A longa espera dos fãs de quadrinhos finalmente chegou ao fim. A 1ª temporada de Sandman estreia na Netflix nesta sexta, dia 5, com um total de dez episódios. O Portal do Nerd teve acesso antecipado à série, e já podemos adiantar que vale a maratona do fim de semana.
A série é baseada em uma história em quadrinhos premiada, de autoria do escritor inglês Neil Gaiman, publicada de 1989 a 1996. As 75 edições que formam a obra saíram inicialmente pela DC Comics e depois foram incorporadas pelo selo Vertigo Comics, da mesma editora, dedicado a histórias de temática adulta, com um pé no fantástico e outro no terror.

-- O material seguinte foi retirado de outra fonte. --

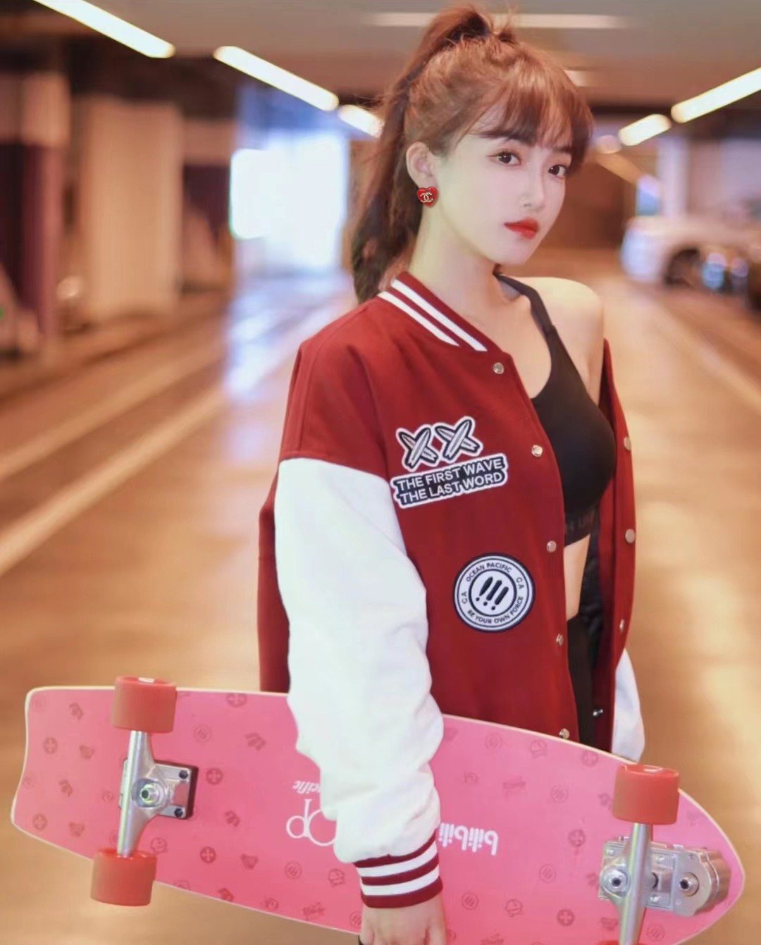 CHANEL🇫🇷Xiaoxiang pink crystal letter love pearl crystal diamond letter earrings

O universo de fantasia sombria criado por Gaiman mistura diversas mitologias, magia, terror, o sobrenatural e elementos da cultura pop, com direito, inclusive, à máxima: sexo, drogas e rock and roll. Em entrevistas, o autor já afirmou que muito do visual e da atitude dos personagens foi inspirado na cena musical punk e post-punk dos anos 80. Os textos abordam temas profundos, que vão do existencialismo à crítica social, muitas vezes com as histórias servindo como pano de fundo para reflexões sobre as mazelas dos seres humanos.
Não é à toa que os fãs ficaram alucinados quando foi anunciada a adaptação em formato live action, que contou não só com as bençãos do autor, como com sua participação direta. Ele é produtor executivo e participou dos roteiros em companhia dos escritores David S. Goyer (trilogia Blade e Batmans do Nolan, entre outros) e Allan Heinberg (filme Mulher-Maravilha e várias HQs da Marvel). Outras obras de Neil Gaiman como Deuses Americanos, Good Omens, Coraline e Stardust, já haviam se transformado em séries e filmes.

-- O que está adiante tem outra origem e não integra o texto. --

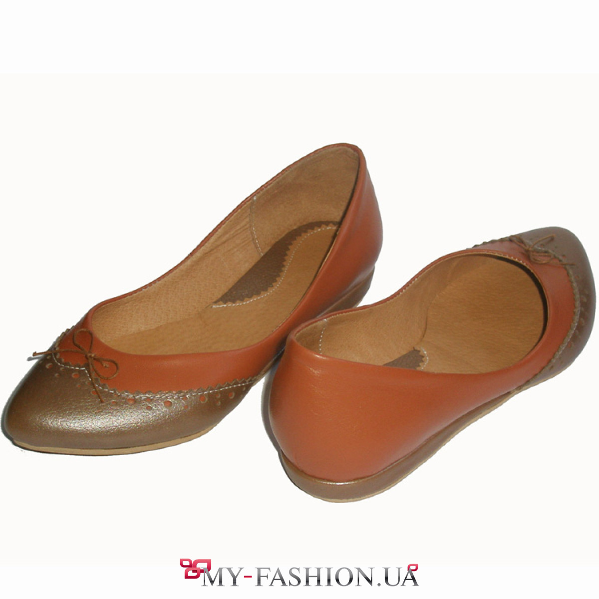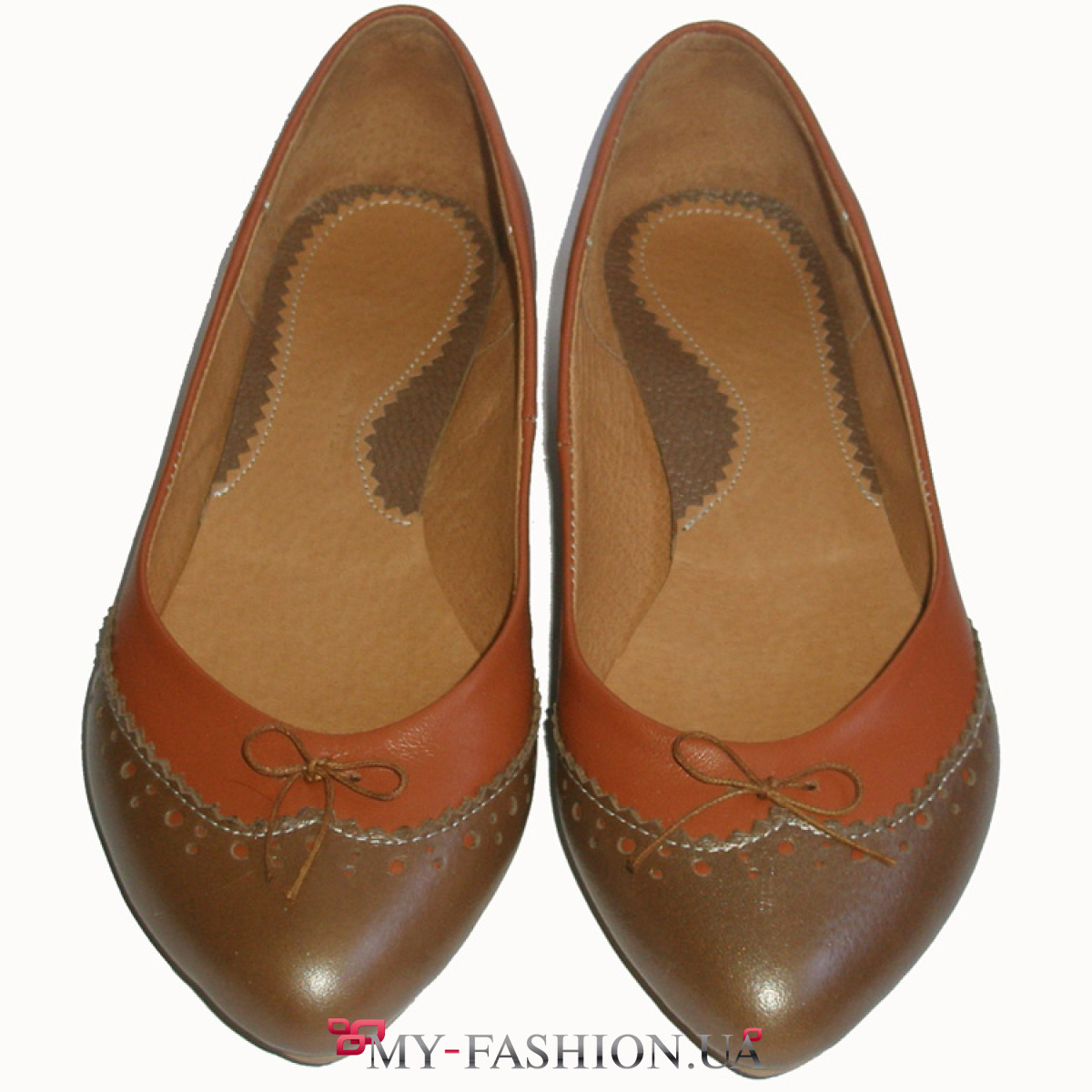 Стильные коричневые с терракотом туфли-лодочки . Женские кожаные туфли имеют сверху необычный вырез, подчеркивающий Ваши ножки, а также отрезной фигурный носок, декорированный фигурным краем и перфорацией. Маленький бантик на туфельке придает ей игривый вид. Модель туфель имеет клиновидный каблук высотой 1см для максиамльного комфорта и удобства Вашей ножки.

Sandman (Tom Sturridge), também conhecido como Morpheus, Sonho (Dream) e uma série de outros títulos, é o soberano do reino dos sonhos, denominado “Sonhar”, para onde a humanidade vai quando adormece. Ali ele é responsável não apenas pelos sonhos, mas também pelos pesadelos, que representam o pior da humanidade. Junto com seus seis irmãos, todos com seus reinos e símbolos próprios, formam os Perpétuos, entidades místicas imortais, filhos da Noite e do Tempo, que personificam aspectos da vida mundana como a morte, o desejo, o desespero, a destruição, o delírio e o destino.

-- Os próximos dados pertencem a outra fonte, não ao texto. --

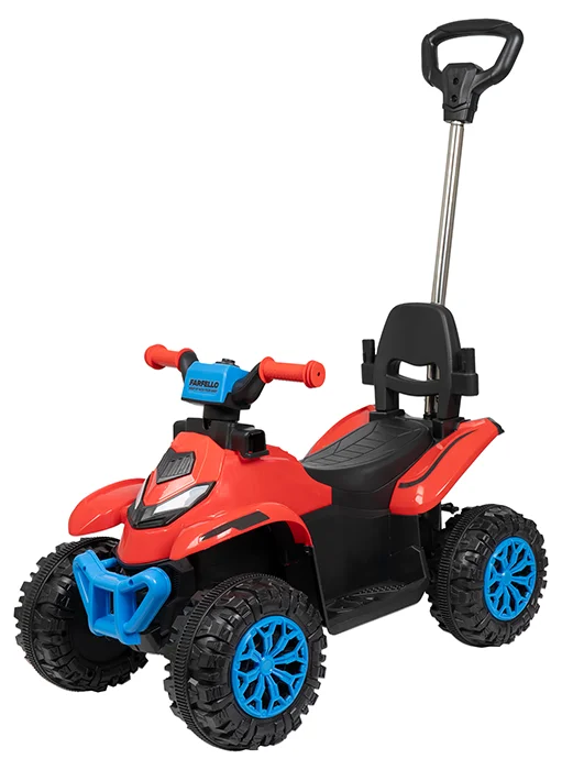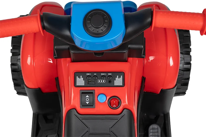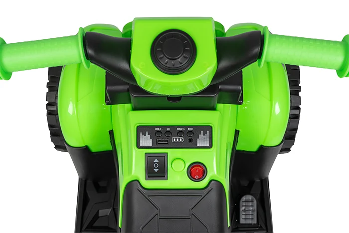 • Электромобиль оснащён аккумулятором 6V 4Ah, одного редуктора достаточно для плавного старта и движения. Включение — с кнопки, движение — с педали на подножке.

Um dos pesadelos criado por Morpheus, o Coríntio, ganha destaque nos primeiros arcos das HQs de Gaiman, “Prelúdios e Noturnos” e “A Casa de Bonecas”, adaptados para esta primeira temporada. Rebelde e desafiador, ele começa a visitar o mundo desperto, toma gosto pela podridão humana e se torna um assassino em série renegado, com dentes no lugar de seus olhos, com os quais se alimenta dos globos oculares de suas vítimas, absorvendo seus pensamentos, sentimentos e lembranças.
A série tem início com Sandman no encalço de Coríntio (Boyd Holbrook), no ano de 1916, em Londres. O objetivo dele é destruir sua criação, que perdeu totalmente o controle. Quando estava prestes a cumprir sua missão e corrigir seu erro, ele é aprisionado por um feiticeiro humano, Roderick Burgess (Charles Dance), o Magus, líder de uma seita ocultista que, na verdade, pretendia capturar a irmã de Morpheus, a Morte, e exigir que ela revivesse seu filho, morto na batalha de Galípoli, quando os ingleses invadiram a Turquia.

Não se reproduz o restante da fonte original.